#### Entries taken from a collection:
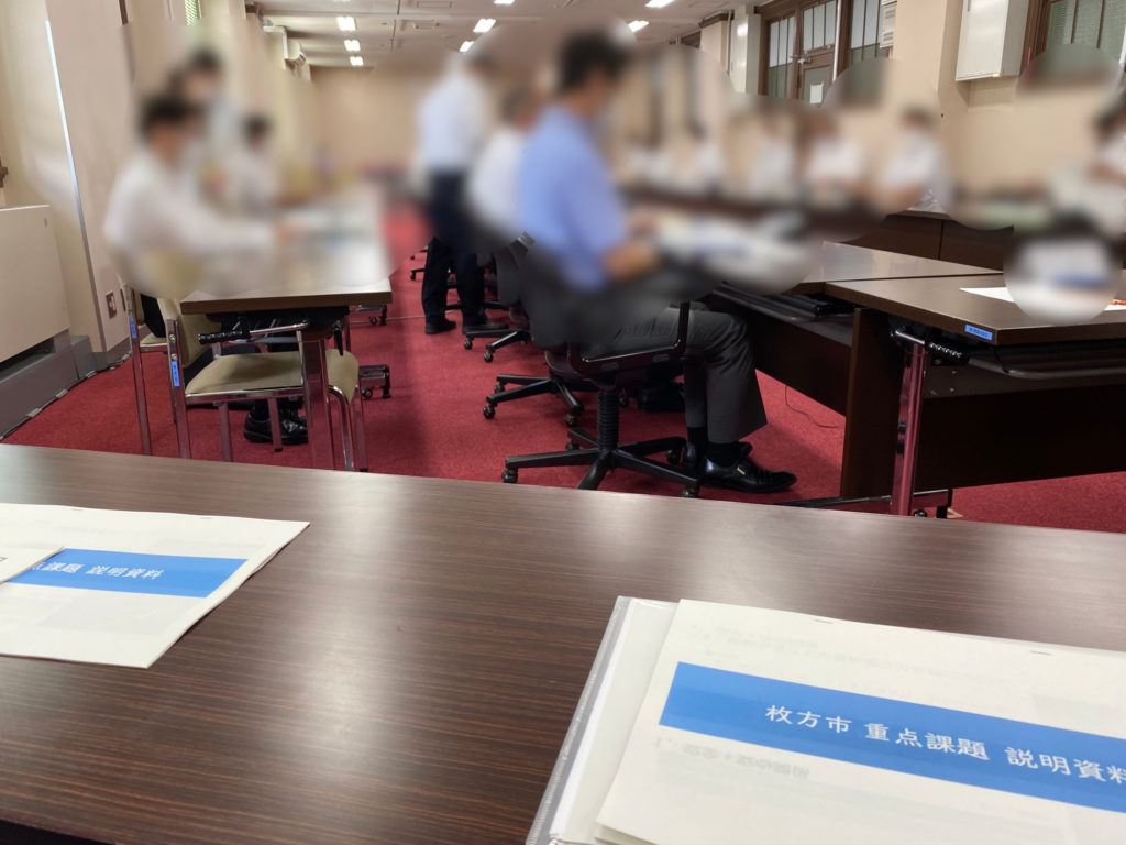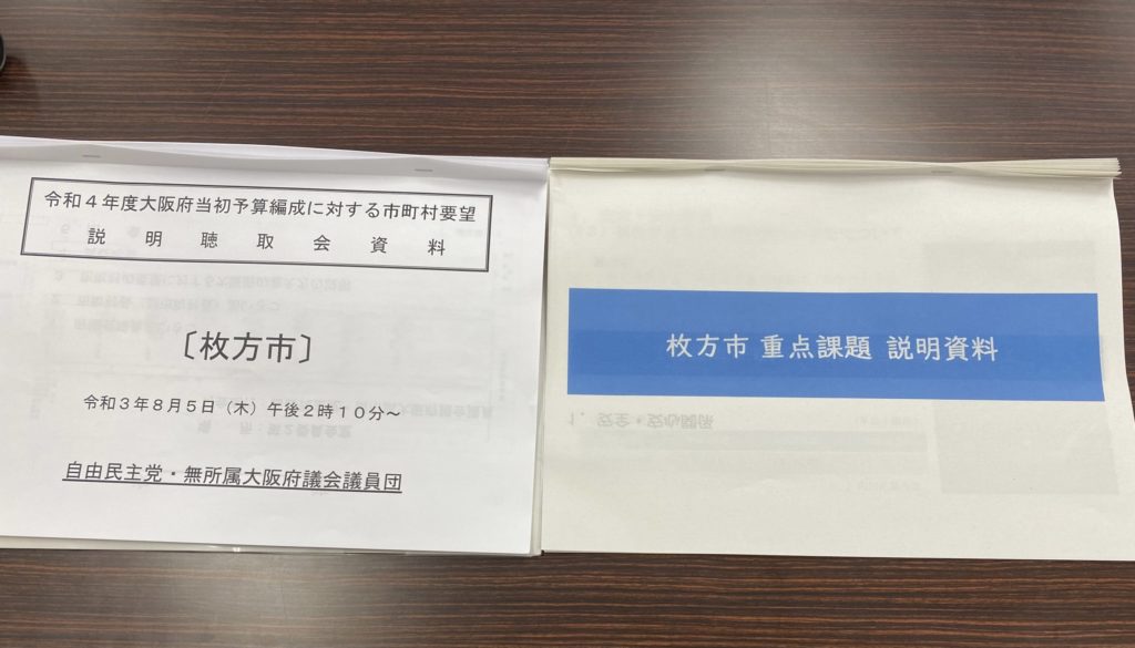 自由民主党・無所属大阪府議会議員団の須田 旭府議、塩川 憲史府議が進行して頂き、市長はじめ理事者の皆さんの参加のもと、市の要望に対する府の考え方について説明を受けました。
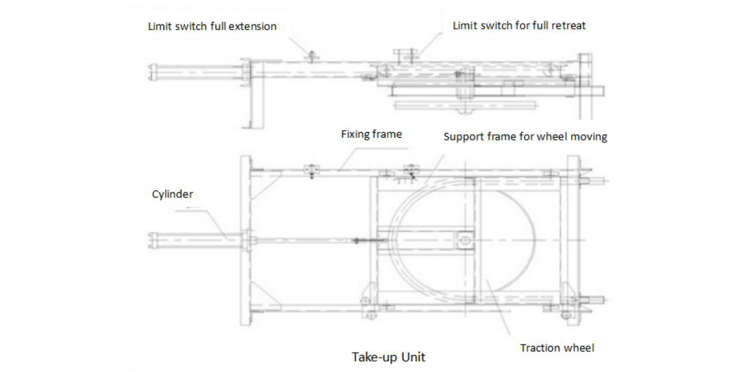 Tension station adopts cylinder take-up unit. At the end of it equipped with a detection switch that can display chain slack, chain jamming, and chain fracture faults. The tension and expansion part is installed on a rigid frame with a walking wheel and a guide wheel for precise guidance. Considering the load should be equally spaced, an inlet guide slot is set on the track. Under take-up unit there is an inspection platform. The track connection at the enter of tension unit should be threaded or movable for convenient maintenance and disassembly of the chain. Take-up unit is used to keep the power chain with certain initial tension force. The cylinder and air pneumatic unit is from SMC of Japan.
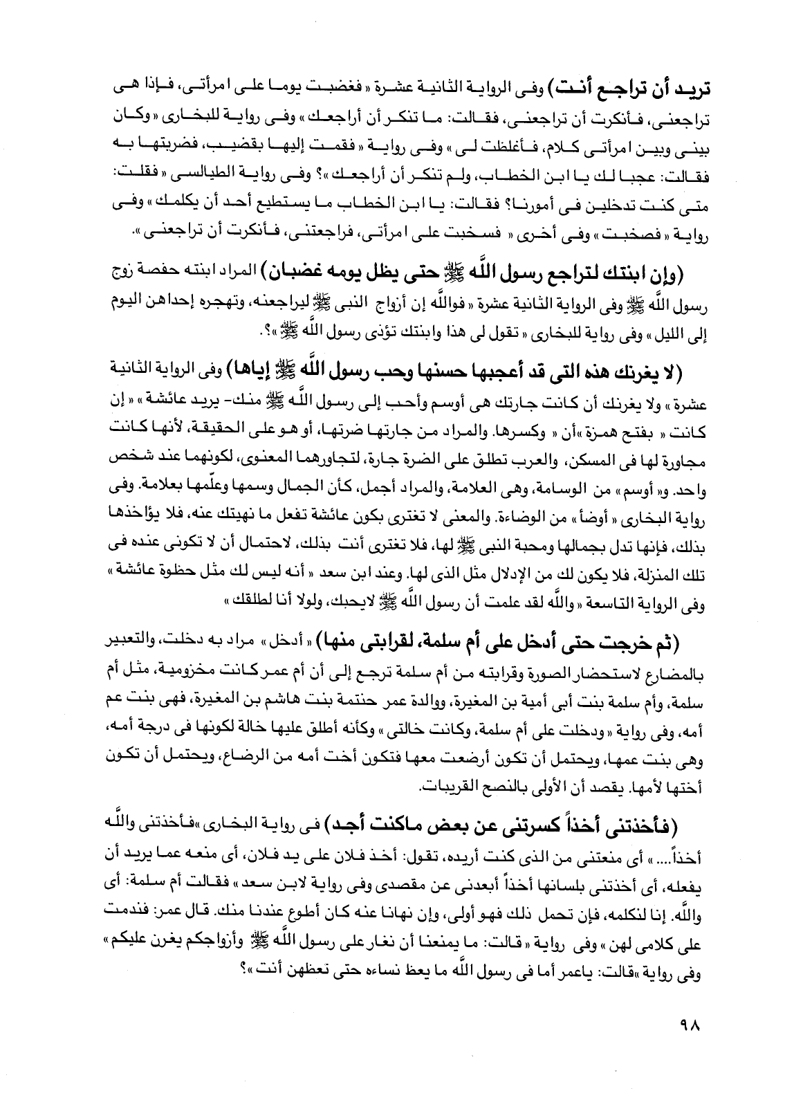 تريد أن تراجع أنت) وفي الرواية الثانية عشرة "فغضبت يومًا على امرأتي، فإذا هي تراجعني، فأنكرت أن تراجعني، فقالت: ما تنكر أن أراجعك" وفي رواية للبخاري "وكان بيني وبين امرأتي كلام، فأغلظت لي" وفي رواية "فقمت إليها بقضيب، فضربتها به فقالت: عجبًا لك يا ابن الخطاب، ولم تنكر أن أراجعك"؟ وفي رواية الطيالسي "فقلت: متى كنت تدخلين في أمورنا؟ فقالت: يا ابن الخطاب ما يستطيع أحد أن يكلمك" وفي رواية "فصخبت" وفي أخرى "فسخبت على امرأتي، فراجعتني، فأنكرت أن تراجعني".
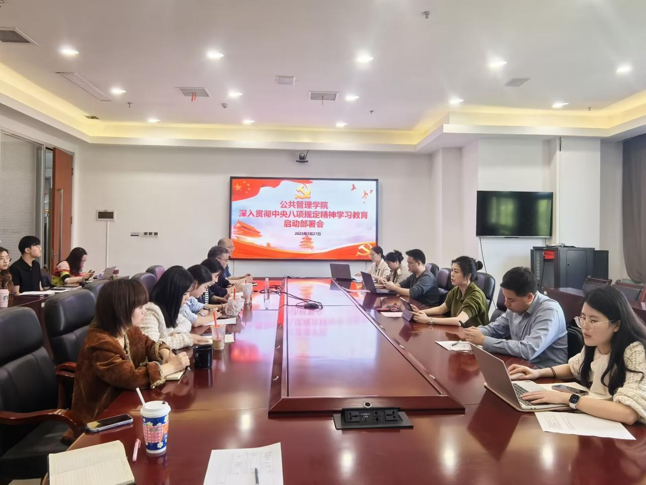 为深入贯彻落实党中央和学校党委关于中央八项规定精神学习教育部署要求,推进作风建设常态化长效化,3月27日,我校公共管理学院召开深入贯彻中央八项规定精神学习教育启动会。会议围绕贯彻中央八项规定精神,系统部署学院作风建设工作,推动学习教育落地见效。学院领导班子全体成员、全体教师党员参加会议,会议由学院党总支书记罗婷婷主持。
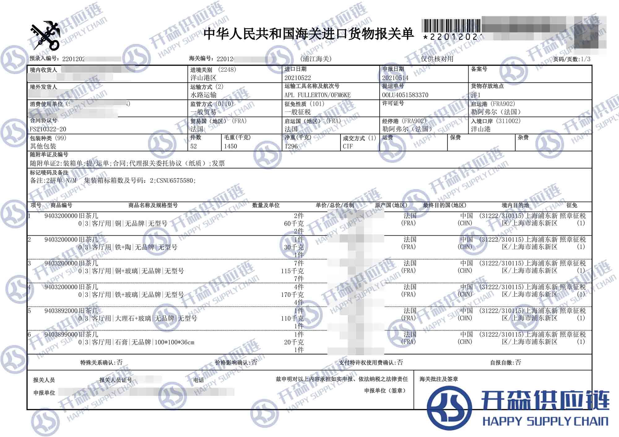 【本文結語】 上述就是法國二手舊茶幾家具進口報關代理案例【經典案例】的全部內容,希望能對您有所幫助,如有二手家具進口報關上任何疑問及問題可隨時在線聯系我們或撥打 18002611553,開森供應鏈擁有豐富的二手家具進口報關操作經驗及案例,10余年進口經驗為您所用,各類進口疑難都能為您一一解答及協助快速處理解決!
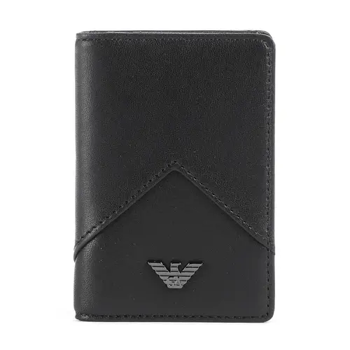 Emporio Armani Премиальный держатель для кредитных карт из овчины Nappa черного цвета
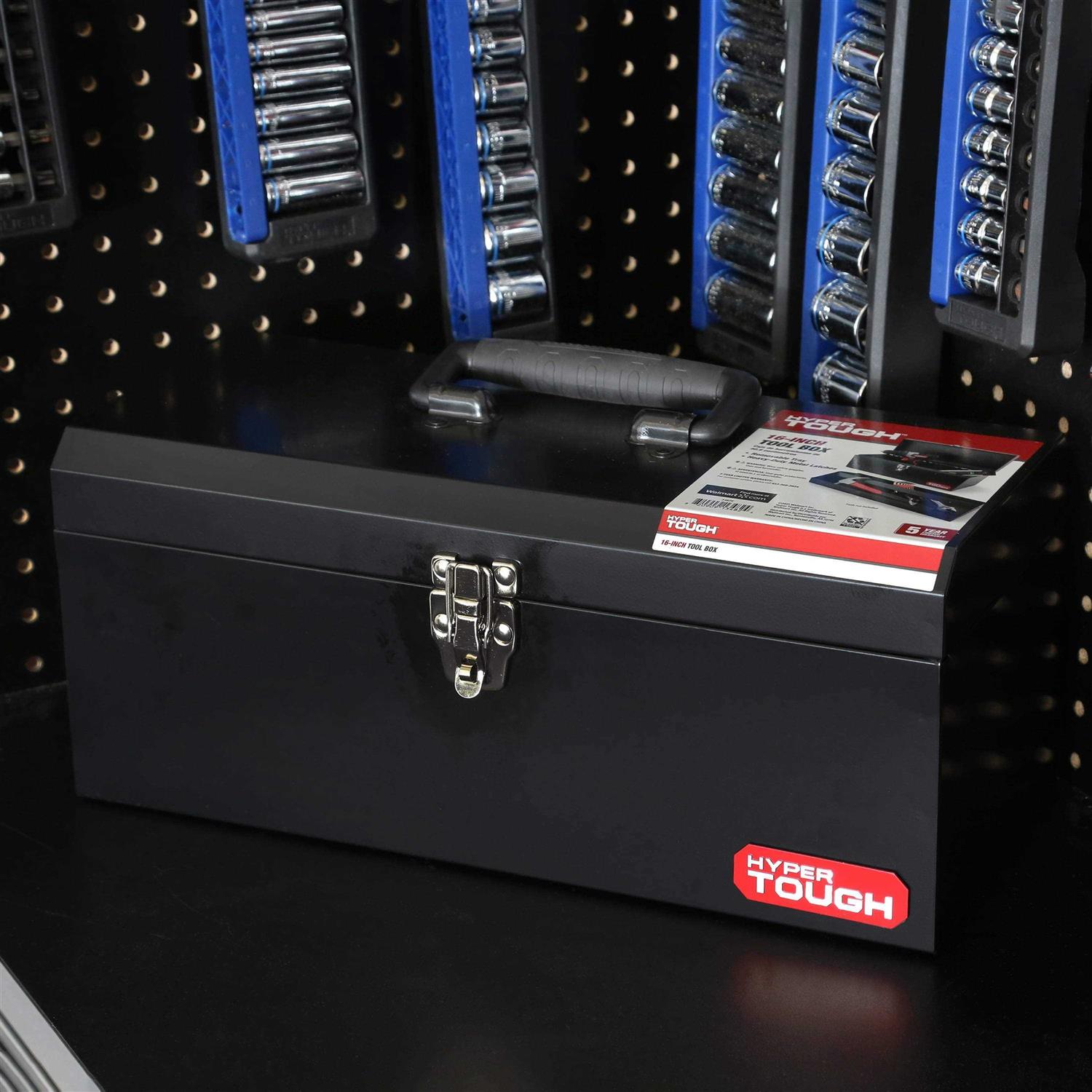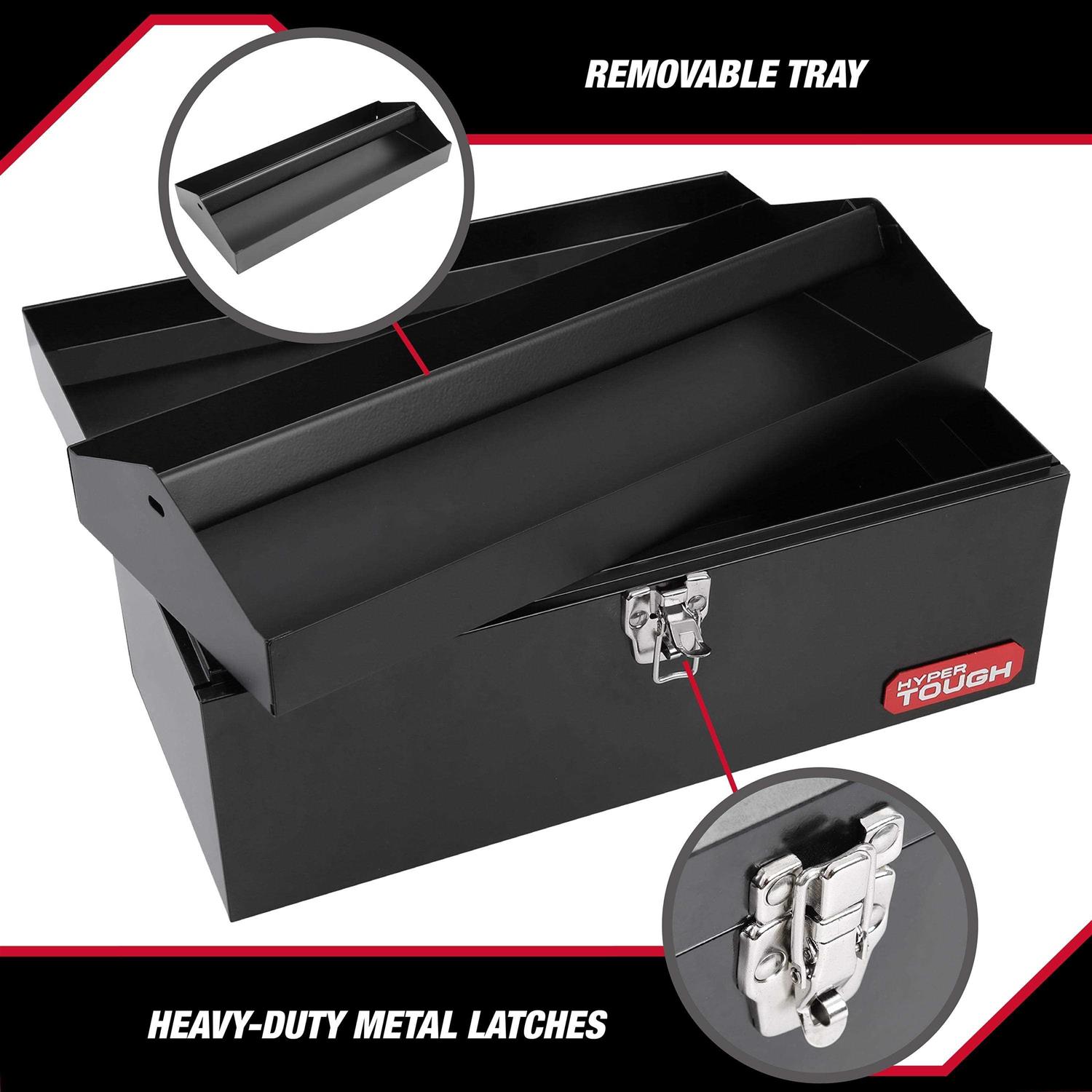 This Hyper Tough 16-Inch Black Metal Toolbox with Removable Tray (model 3482V) allows for convenient storage and portability of your tools. The tool box has many high quality features like a lockable metal latch and removable metal tray. The unit is made from heavy gauge steel with a hinge that runs the full length of the box and is finished with powder coat paint for long lasting use and durability. This tool box provides convenient storage and organization of your most commonly used tools.

#### Work request:
Pictures aside, return exactly the lines from the data above, starting at the line that has "为深入贯彻落实党中央和学校党" and ending at the line that has "Emporio Armani Премиальный", both included.

#### Exercise result:
 为深入贯彻落实党中央和学校党委关于中央八项规定精神学习教育部署要求,推进作风建设常态化长效化,3月27日,我校公共管理学院召开深入贯彻中央八项规定精神学习教育启动会。会议围绕贯彻中央八项规定精神,系统部署学院作风建设工作,推动学习教育落地见效。学院领导班子全体成员、全体教师党员参加会议,会议由学院党总支书记罗婷婷主持。
 【本文結語】 上述就是法國二手舊茶幾家具進口報關代理案例【經典案例】的全部內容,希望能對您有所幫助,如有二手家具進口報關上任何疑問及問題可隨時在線聯系我們或撥打 18002611553,開森供應鏈擁有豐富的二手家具進口報關操作經驗及案例,10余年進口經驗為您所用,各類進口疑難都能為您一一解答及協助快速處理解決!
 Emporio Armani Премиальный держатель для кредитных карт из овчины Nappa черного цвета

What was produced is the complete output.